Duty At What Cost?
Page 15
‘Wait,’ he advised softly. ‘Ava, baby, if you keep doing that I’m going to lose control.’
He shifted out of her hold, smiling as the sound of protest she made in the back of her throat turned to relief when he took the tip of her breast into his mouth.
She writhed beneath him and he released her imprisoned legs to stroke his hand between her thighs. She was hot and wet, so close to her climax he could feel the tiny tremors of her release beneath his fingers.
‘Not yet, baby. I want to be inside you when you come.’
‘I can’t help it,’ she moaned. ‘You’ve pushed me too far.’
‘Not yet, I haven’t.’ He urged her legs wider and positioned himself at the apex of her body. ‘But I intend to.’
On a single powerful thrust he surged deep, pausing just long enough to let her expand around him before moving again. She whimpered desperately and dragged his face down to hers.
A primal sense of satisfaction rushed through him as he established a steady rhythm, rolling his hips against hers and causing a string of sensual spasms throughout her body that sucked him in even deeper.

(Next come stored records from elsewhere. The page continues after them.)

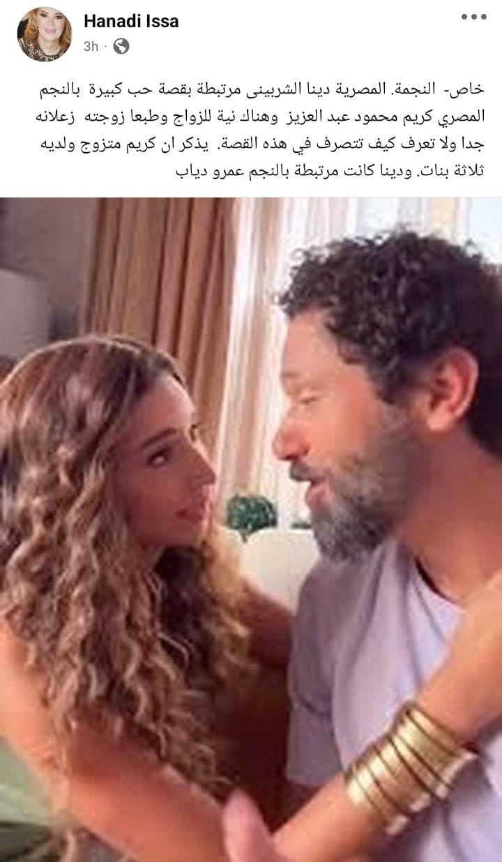 وكتبت هنادي عيسي من خلال حسابها الرسمي عبر موقع التواصل الاجتماعي “فيسبوك”: “النجمة المصرية دينا الشربيني مرتبطة بقصة حب كبيرة بالنجم المصري كريم محمود عبد العزيز وهناك نية للزواج و طبعا زوجته زعلانة جدا، ولا تعرف كيف تتصرف في هذه القصة”.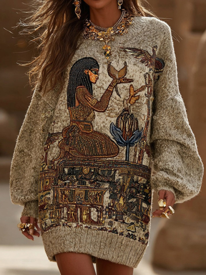 Women's Ancient Egyptian Art Warm Knit Mini Sweater Dress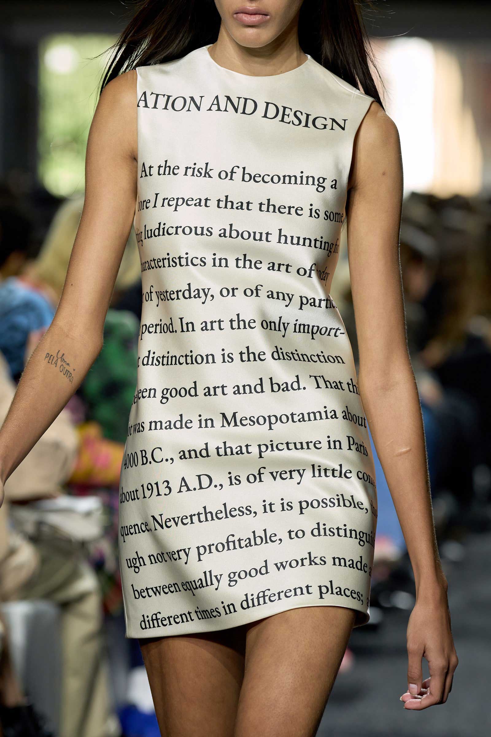 At JW Anderson, a text from Clive Bell was blown up and printed across dresses and knits. Photo: Armando Grillo / Gorunway.com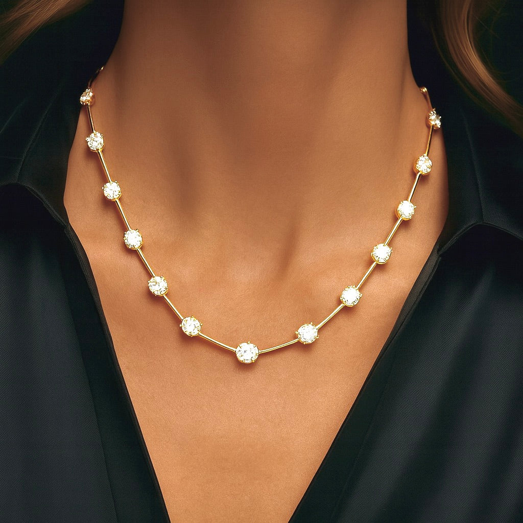 Each diamond is set in classic four-prong settings, gracefully punctuated & linked by sleek gold bars that create a stunning diamond line encircling the neck. Designed for versatility, it’s stunning layered or worn as a standalone statement.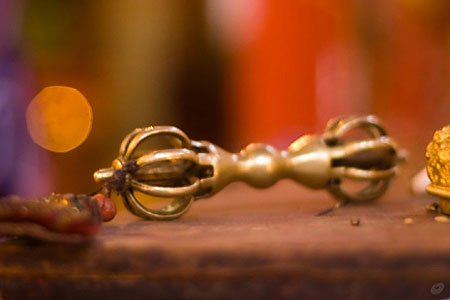 El vajra (o dorje en tibetano) se asocia al budismo tántrico, es el implemento que el lama o el maestro budista generalmente sostiene en su mano derecha. Representa autoridad espiritual y es denominado "cetro diamantino". El vajra simboliza el punto central y sugiere centralidad, constituye el eje, la estabilidad y la imperturbabilidad, también esta asociado a el Buda Akshobya el Buda azul cuyo nombre significa "inquebrantable" o "imperturbable".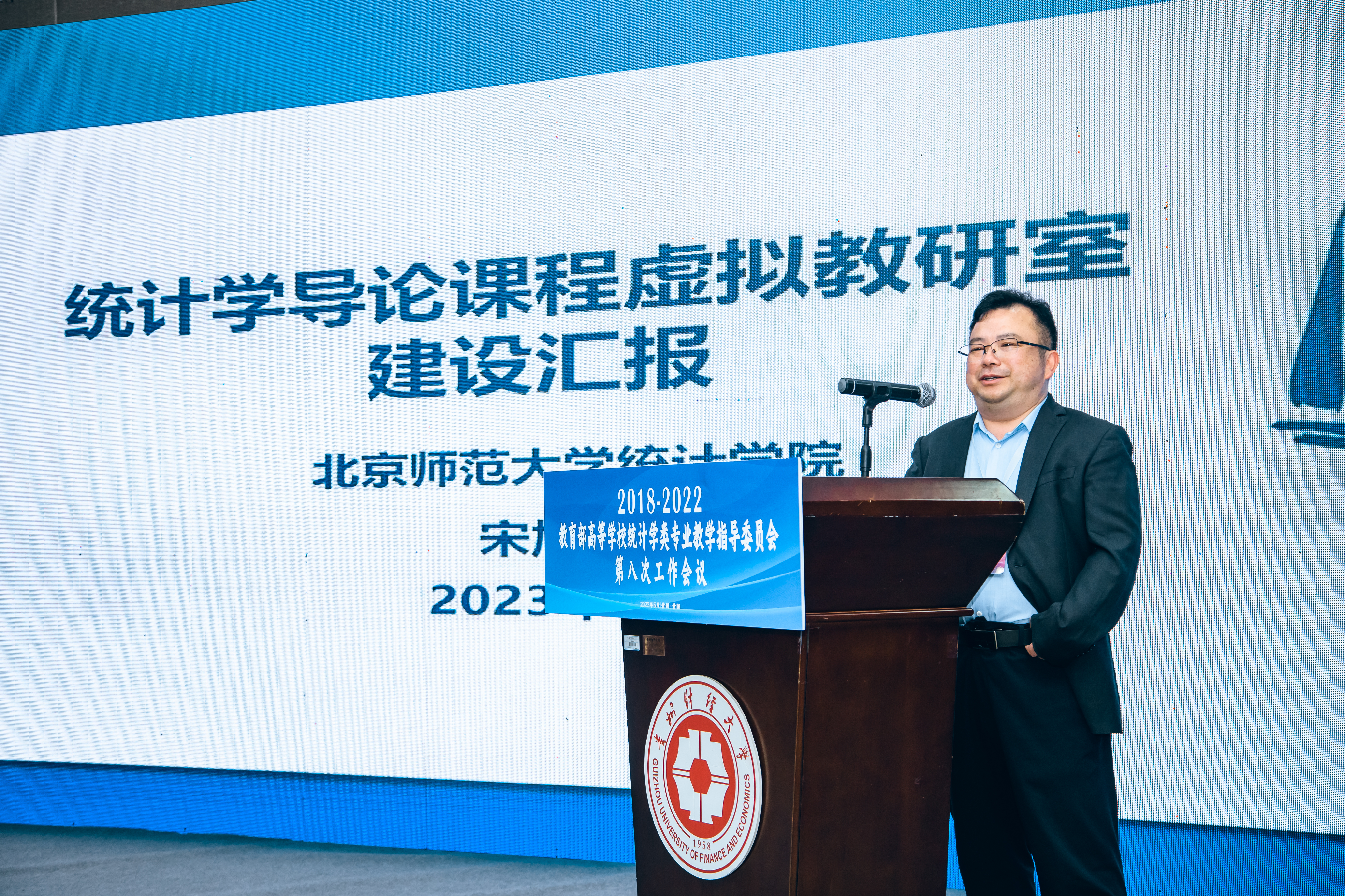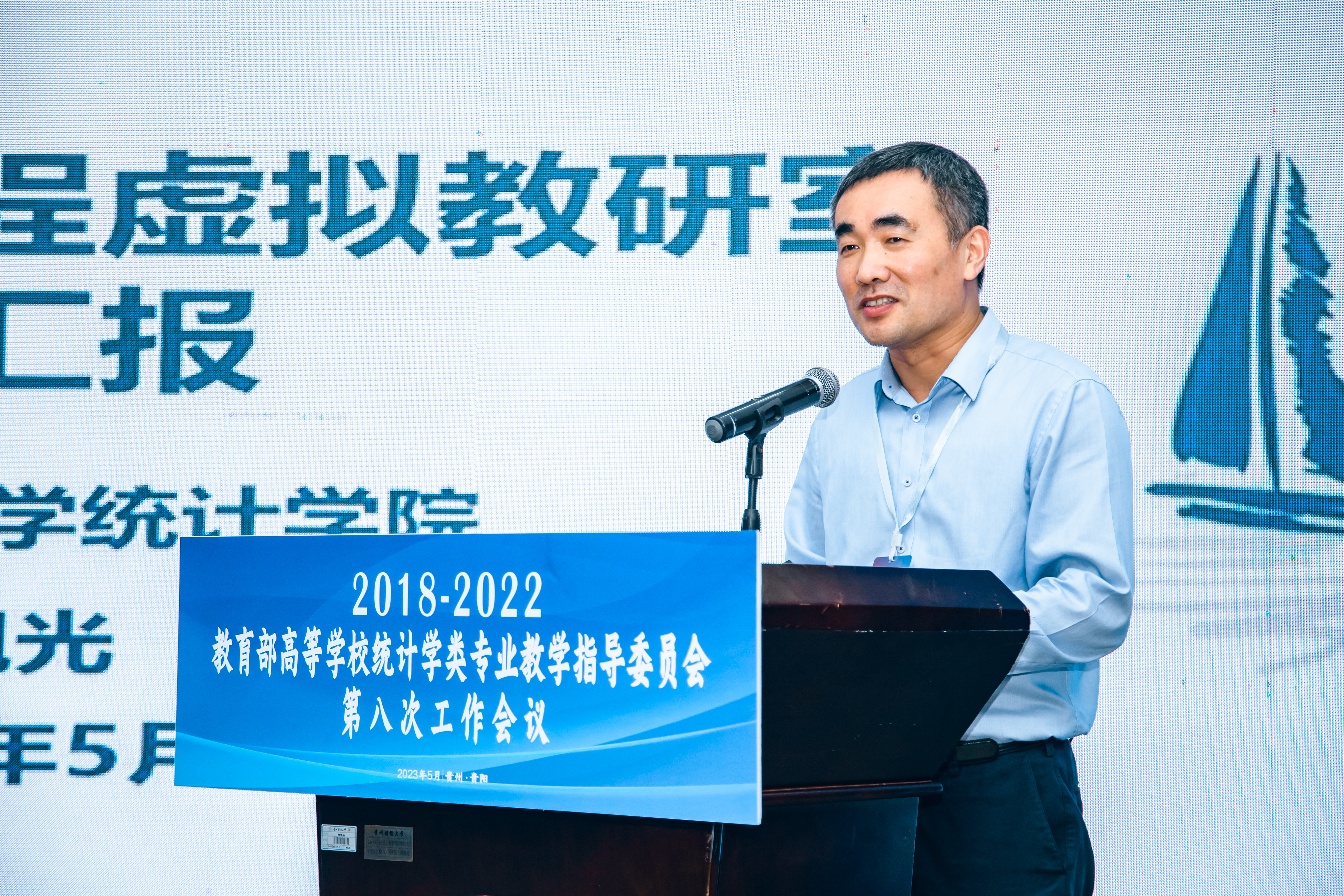 在大会报告环节,统计学类教指委委员、北京师范大学宋旭光教授、统计学类教指委委员、云南大学唐年胜教授、湖北经济公司张耀峰教授分别以《统计学导论课程虚拟教研室建设》《统计学专业虚拟教研室建设实践与思考》《国家一流本科专业建设成效评价——以湖北经济公司为例》为题作了主题报告,报告会分别由统计学类教指委委员、威廉希尔副董事长葛建军教授、贵州省经济系统仿真重点实验室主任张文专教授、威廉希尔williamhill经理焦建军教授主持。高水平的主题报告为统计学学科发展和专业建设提供了更多思路,为推动统计学发展汇聚了“思想力量”。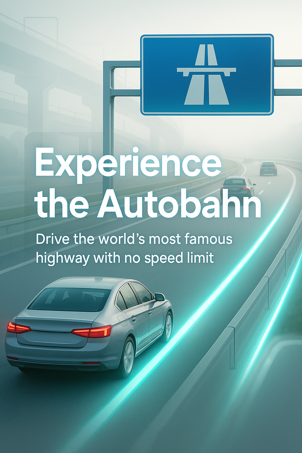A visually engaging promotional image depicting a car on the Autobahn, emphasizing the thrill of driving without speed limits. Ideal for travel campaigns.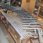 To look right, the crown molding capping the pediment needed to have a beefy profile. I don’t have a shaper or molder that could accommodate the size I wanted, so I strip-laminated three wide curved blanks in thicknesses that could be profiled with a router, then assembled them into a built-up crown. Using 3/16-inch poplar strips 2 1/2 inches wide, I glued up the three blanks at the same time, separating the individual blanks with dry joints and tightening the radius slightly to allow for springback.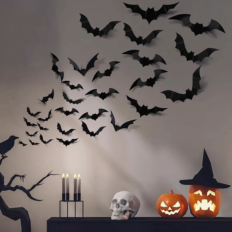 万圣节蝙蝠蜘蛛窗贴幼儿园教室商场橱窗装饰用品节日恐怖氛围布置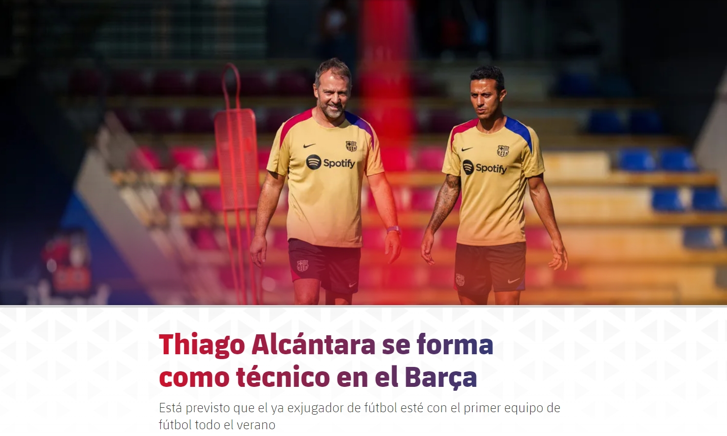 最近,33岁的蒂亚戈-阿尔坎塔拉结束了自己的球员生涯,他将在未来几周内加入汉斯-弗里克的教练组,接受教练培训。预计蒂亚戈整个夏天都将待在巴萨一线队内,因此也会参加巴萨的美国行。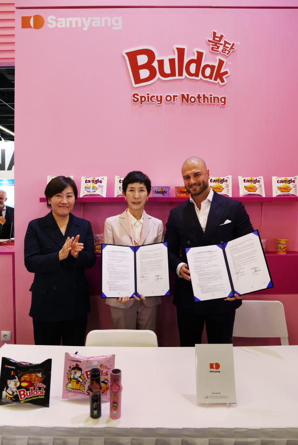 9일 삼양식품에 따르면 김정수 부회장은 4일(현지시각) ‘아누가 2025’에서 삼양식품 부스를 방문해 현장을 살피고 글로벌 식품업계 관계자들과 교류했다. 이날 행사에서는 송미령 농림축산식품부 장관이 임석한 가운데 프랑스 유통업체 SRG 인터내셔널과 MOU를 체결해 현지 판매망 확대의 발판을 마련했다.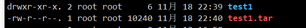 打包目录,把目录打包成test1.tar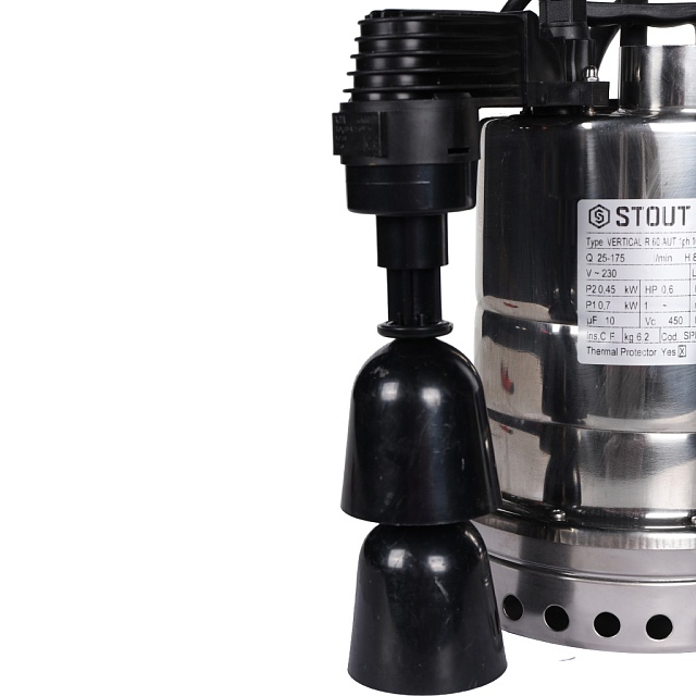 STOUT SPD-0003-200450 Насос дренажный, с вертикальным поплавком, кабель 10 м, 230V, Q=175 л/мин, H=8,8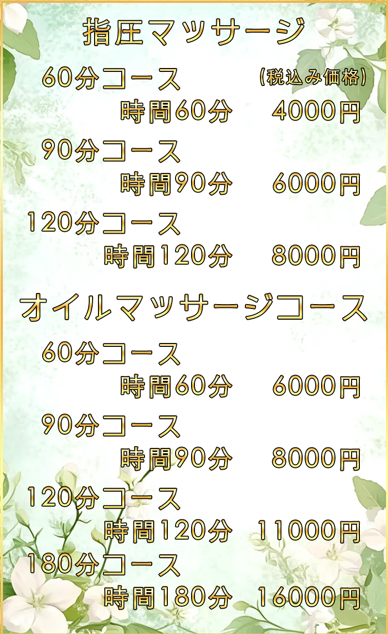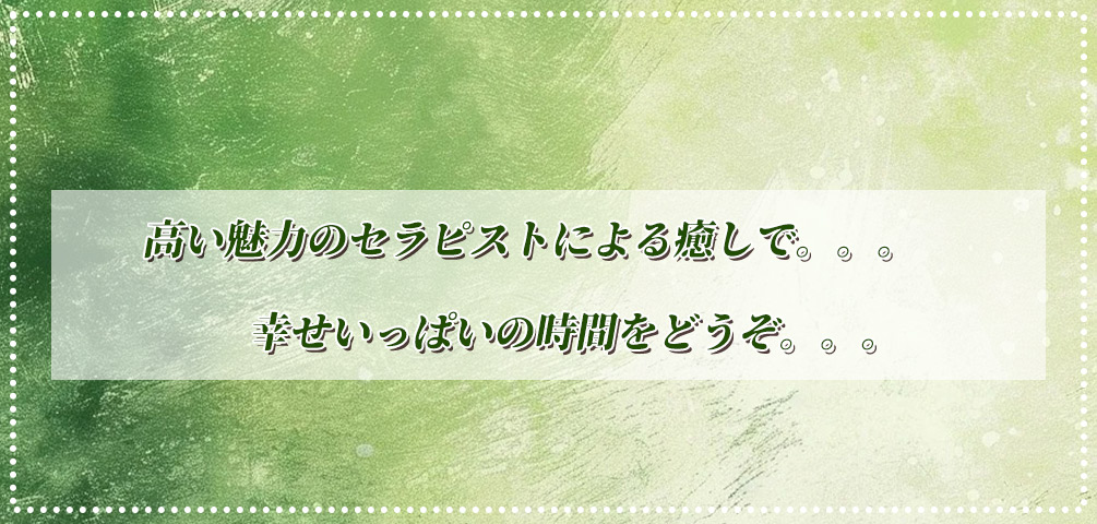当店では、アロマオイルの効能と当店自慢のセラピストによるリンパマッサージの相乗効果による、癒しのひとときをお客様お一人お一人にお届けしております、自然で心やすらぐ優美な香りを、施術中はもちろんご帰宅お休みになってから翌日朝目覚めでまで楽しんで頂けます、どうぞゆっくりご堪能ください。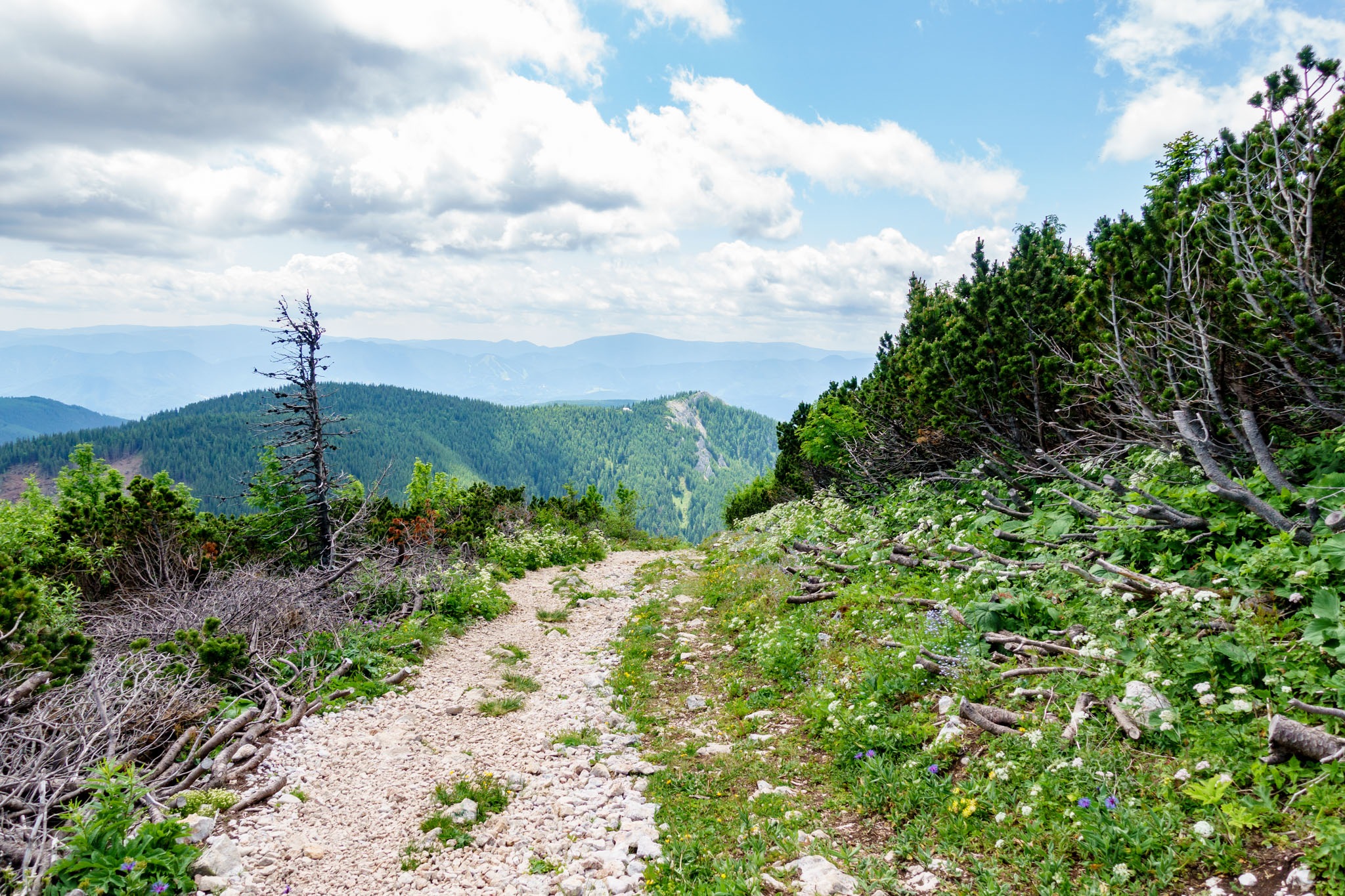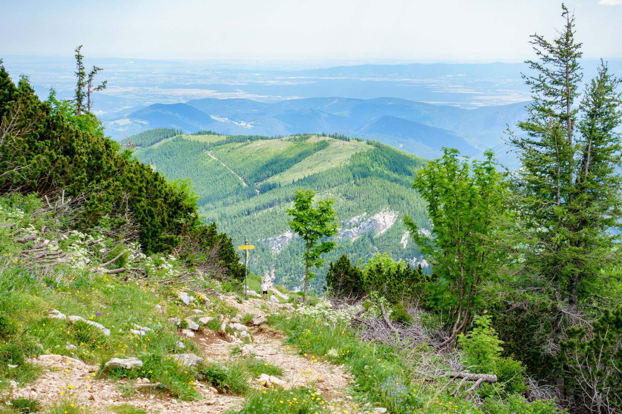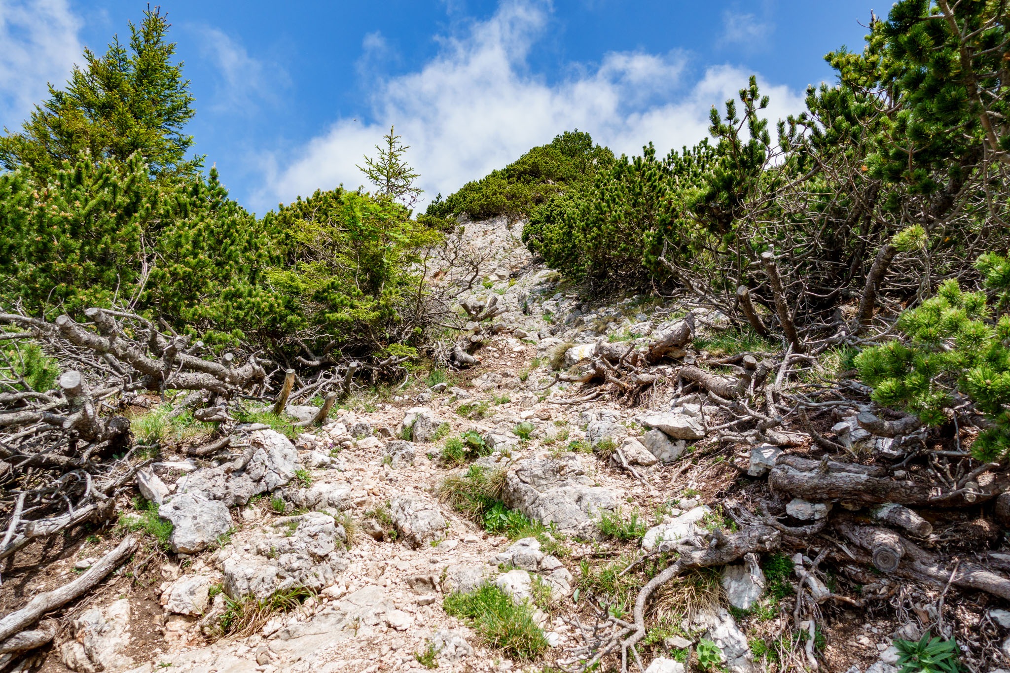 A Schneeberg alatti vidék térképére pillantva jól kivehető, hogy a Rohrbachgraben természetes folytatása nyugat felé a Nesselgraben, ami pedig a Krummbachsattelba torkollik, illetve ott ér véget. Télen, amikor kitölti a hó és a víz megdermed benne, már kétszer is volt szerencsém végigmasírozni a Nesselgrabenon mind felfelé mind pedig lefelé menetben, és most érdekelt, hogy így a nagy nyárban milyen arculatú és hogy használható-e? Hát előre bocsátanám, hogy nem, semmiképpen sem.

Driving into her, Wolfe didn’t stop until he felt her go still, poised on the edge of her release. He held her there as long as he could, but she moved against him, sobbing as her climax consumed her, her inner contractions forcing his own body to speed towards a release that burned hotter than the West Australian sun.
* * *
Wolfe woke and knew instantly that he’d overslept—something he hadn’t done since before his army days. And in his arms was a woman who twisted his insides into knots Houdini would struggle to break out of. He thought about his inflexible rules: short, sweet and simple. Only one of them had been upheld last night, and it wasn’t short or simple.
He lifted a strand of her hair and closed his eyes as he breathed in the soft floral fragrance, ignoring the screaming pain in his back from muscles still stiff from lack of use.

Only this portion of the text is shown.